7. The various pieces that constitute the Musharrafian republic in Pakistan are beginning to buckle under the stress of the legal crisis in the country as key ministers and power brokers start thinking of abandoning ship even as Islamist militants challenge the writ of the state. Pakistani President Gen. Pervez Musharraf is on a decline but the question is: How fast will he go down? Watch the moves of his civilian allies, generals, opposition parties, the legal community, militants and of course the United States as each of them adjusts to the deteriorating crisis of governance, using their own calculus as to when to abandon the country's embattled leader.

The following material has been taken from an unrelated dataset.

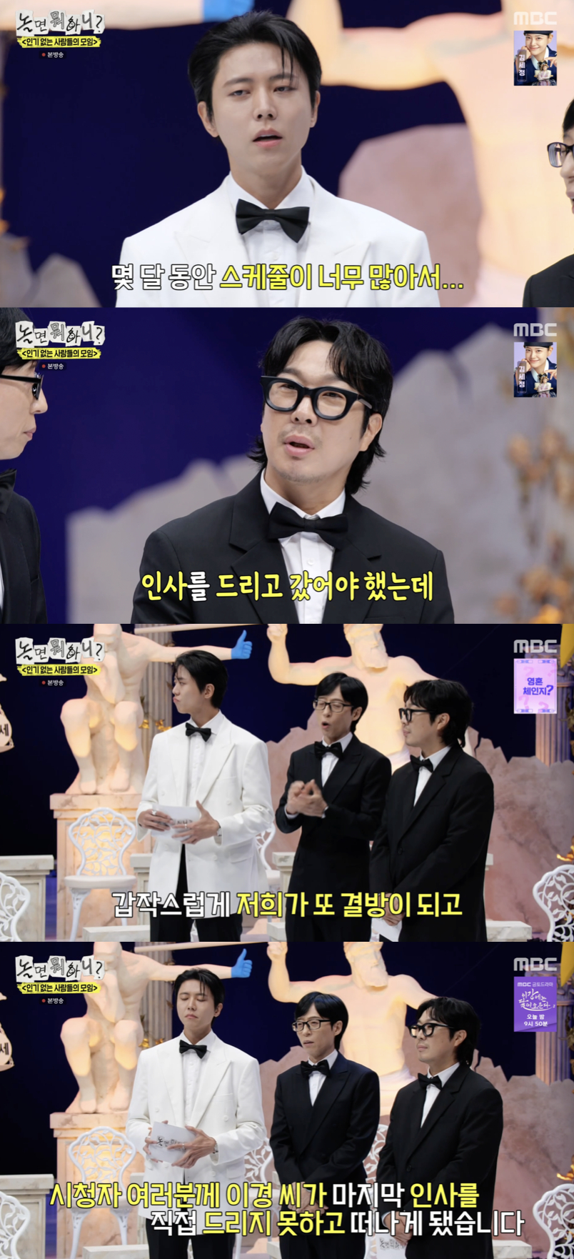 유재석은 "다들 아시겠지만 지금까지 3년여 동안 이경 씨가 우리와 함께 고생을 했다. 기사를 통해 이미 많은 분들이 알고 계시겠지만, 지금 드라마·영화 스케줄이 굉장히 많아서 제작진과 조율을 하다가 이번 스케줄 이후로 '놀면 뭐 하니?'를 하차하게 됐다"라며 "그동안 이경이가 고생을 많이 했다"고 전했다.

8. Venezuela's Radio Caracas Television, the most significant independent media in the country, will be closed down May 27 at the directive of President Hugo Chavez. Barring an unlikely opposition uprising, it will mark the end of organized resistance to Chavez's government. Should this truly spell the end of meaningful anti-Chavez activity, the government's end will then be determined by its own actions. In the long run, that could be linked to an eventual fall in oil prices, but there could be a shorter-term complication. Chavez has been expanding land redistribution programs that he says will increase the land's production under the labor of the people. Likely it will do the opposite -- most of the newly formed communes are not even producing at subsistence levels, on land that used to be very productive. Economic mismanagement has already led to food shortages in the country -- this year, no less. Could Chavez be laying the groundwork for the destruction of the country's food-production capacity, a la Zimbabwe?